I went to lovely birthday party tonight and did not overeat. Then came home, watched the football and did not eat. there just was not much at birthday I liked, the one small piece of cake I tried I did not enjoy at all....Downed maybe a kilo of cherries and strawberries plus some wine - normally a killer combo for get-home-then-binge - was waiting for it to hit. It did not, interrstingly.

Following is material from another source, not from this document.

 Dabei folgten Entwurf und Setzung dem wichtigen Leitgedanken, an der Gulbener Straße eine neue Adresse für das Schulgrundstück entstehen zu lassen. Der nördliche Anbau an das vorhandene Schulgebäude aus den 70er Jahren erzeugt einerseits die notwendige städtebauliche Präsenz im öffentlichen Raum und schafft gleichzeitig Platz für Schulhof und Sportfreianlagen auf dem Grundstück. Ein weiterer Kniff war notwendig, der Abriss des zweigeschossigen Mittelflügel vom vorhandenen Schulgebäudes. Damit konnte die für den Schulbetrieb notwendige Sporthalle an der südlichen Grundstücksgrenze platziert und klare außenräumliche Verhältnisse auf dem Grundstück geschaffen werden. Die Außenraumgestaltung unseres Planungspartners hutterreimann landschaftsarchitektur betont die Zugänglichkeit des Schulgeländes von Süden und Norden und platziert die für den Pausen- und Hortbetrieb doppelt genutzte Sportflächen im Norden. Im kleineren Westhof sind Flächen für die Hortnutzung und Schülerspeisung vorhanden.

runningLou · 07/06/2015 10:39

I'm glad to hear so many people are making such great progress it is really encouraging and also a healthy reality check to realise recovery is measured in small steps and also only retrospectively. I have been binge-free for a while, with some small subjective binges at moments of hunger or tiredness. I am still struggling with gain from eating regularly but I saw an ED counsellor last week who advised at least 6 months of normalised eating before attempting controlled weight loss so I am trying to stick to that idea. I am still also very tempted to weigh more often than weekly, often after exercise, but am trying to resist that. I don't know if this has been mentioned in earlier threads but I am struggling with emotions surfacing that were repressed/ displaced by restricting. It can dull emotions. I think Fairburn mentions this. I have also realised I am utterly exhausted a lot of the time. Think this was previously disguised by sugar highs. I sleep a lot but wake tired. Not sure how to deal with this, or with emotional issues ... I am feeling very dissatisfied and unhappy and the realisation that this is not really about food or weight, but things like identity and validation etc (if that doesn't sound totally up my own arse psycho-babble!!) makes it harder to deal with ...

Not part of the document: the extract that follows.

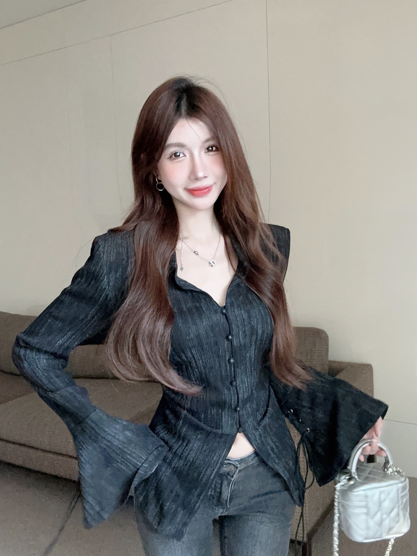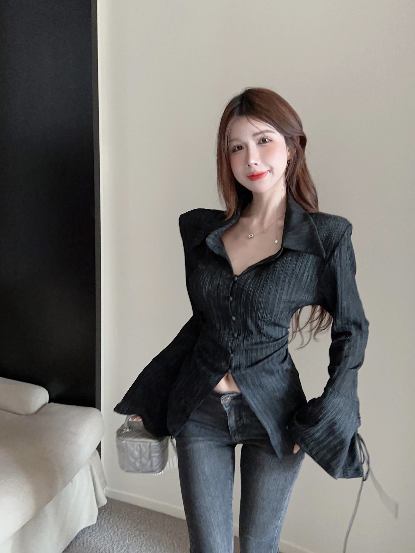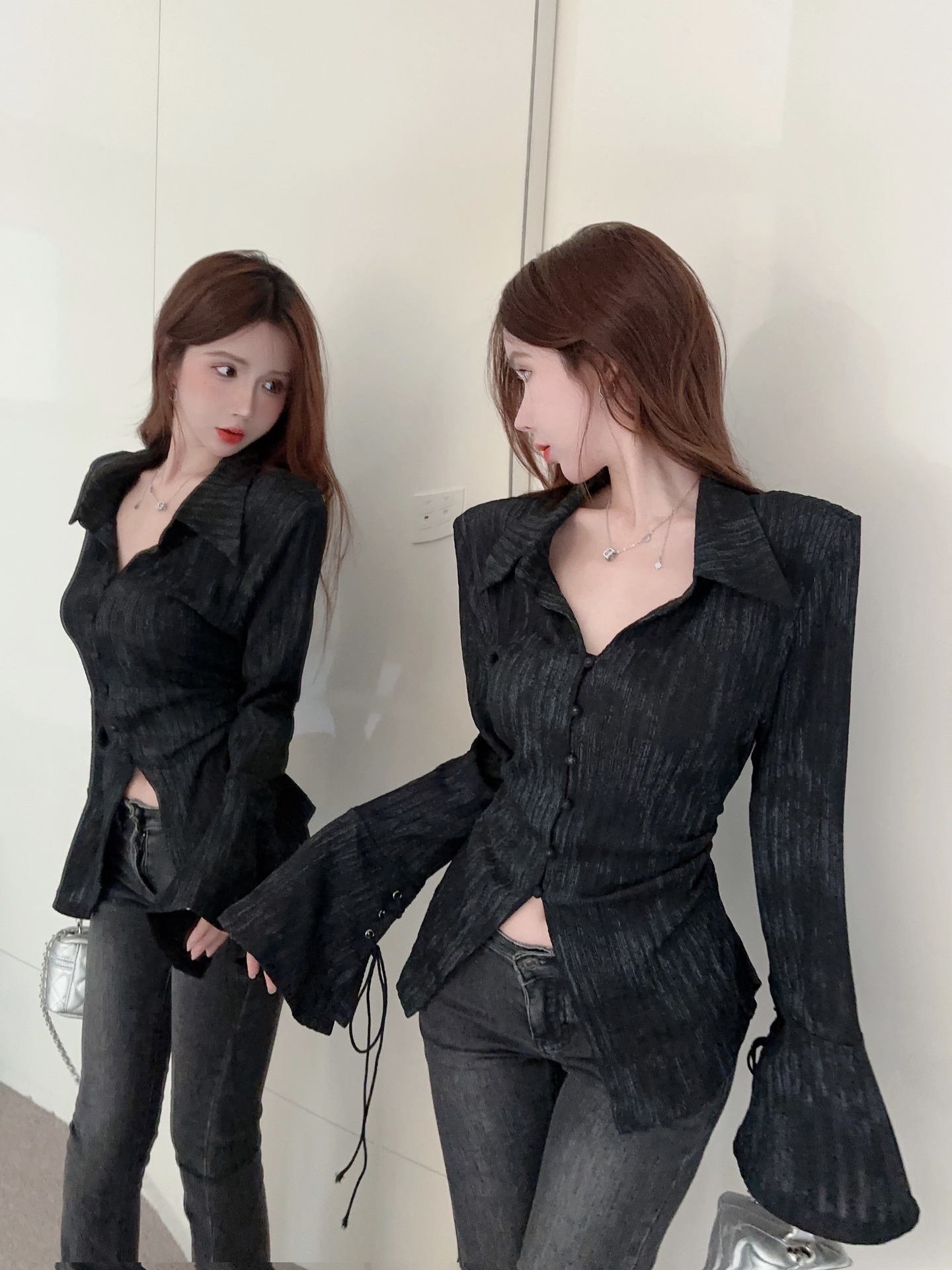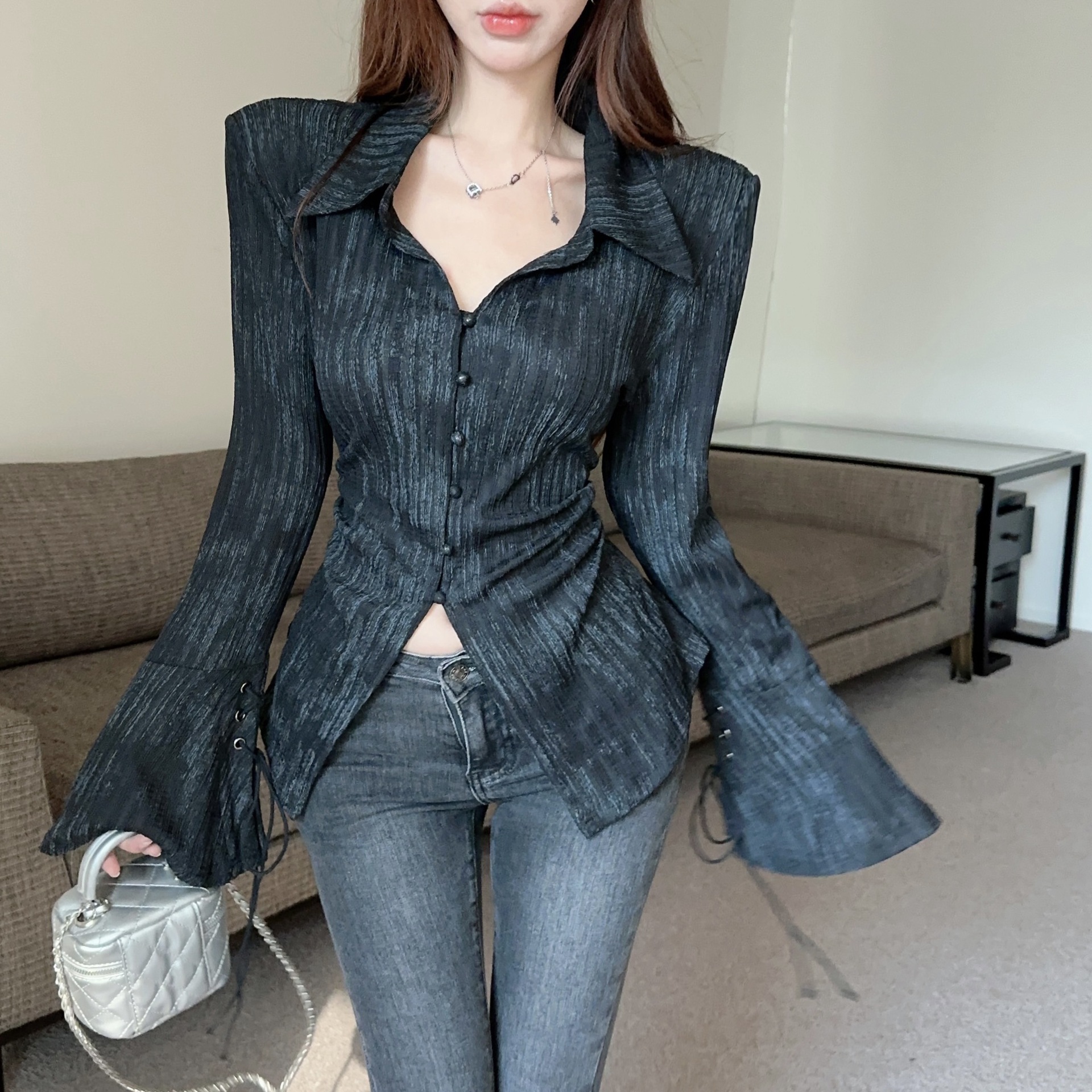 미국 넥타이 염색 V 넥 셔츠 여성의 봄과 가을 새로운 디자인 센스 레이스 업 경적 슬리브 타이트 허리 셔츠 순수한 소원 옷스토어 가기

sleepwhenidie · 07/06/2015 15:25

Hi Lou amazing breakthroughs for you too Smile. I'm so glad you saw the counsellor, sounds like good advice. The downside of course is that now you have the harder part of the process to deal with...you are recognising the 'bubble' food/body issues was giving you as protection from all the real stuff going on. Facing that is the real challenge, now that you are eating regularly and so brain and body function better you can start recognising what is going on - and lots of it will be painful Sad. But it's essential. The tiredness you describe is probably tied up with a bit of low level depression, all part if everything you are going through. Be gentle with yourself. I think Fighting will identify strongly with what you are going through. Flowers

jassS · 07/06/2015 18:11

I had today a textbook BED error day - in the morning only had strawberries and coffee with milk, felt I did not want more. Then took DS to poolside, where only panini and hot dogs were available and I like none, plus tey to be gluten free. by four o'clock I got to restaurant with friends and badly behaving DS, and then even if stuff which I like more actually, salads etc, was available, order flammkuchen (an elsassian version of pizza, with onion and sour cream instead of tomato sauce). As soon as it was in front of me I realised I would have prefered a salad! Ate it anyway, because it felt weird not to (and I had to ask the pizza my son ordered to be packed, so would have been weird if we both had not eaten! ). It was totally funny! I will try to get this lesson that going too hungry is a BED risk and that ordering sth I normally would not touch means I would not enjoy it anyway! Getting home I had to eat more to make sure I also had sth I liked. But I feel OK, because I know why it all happened. No mystery or "why did I do it". Its simple. I ate less than I needed in the morning. then had no lunch. Of course then there is binge after it. Normal.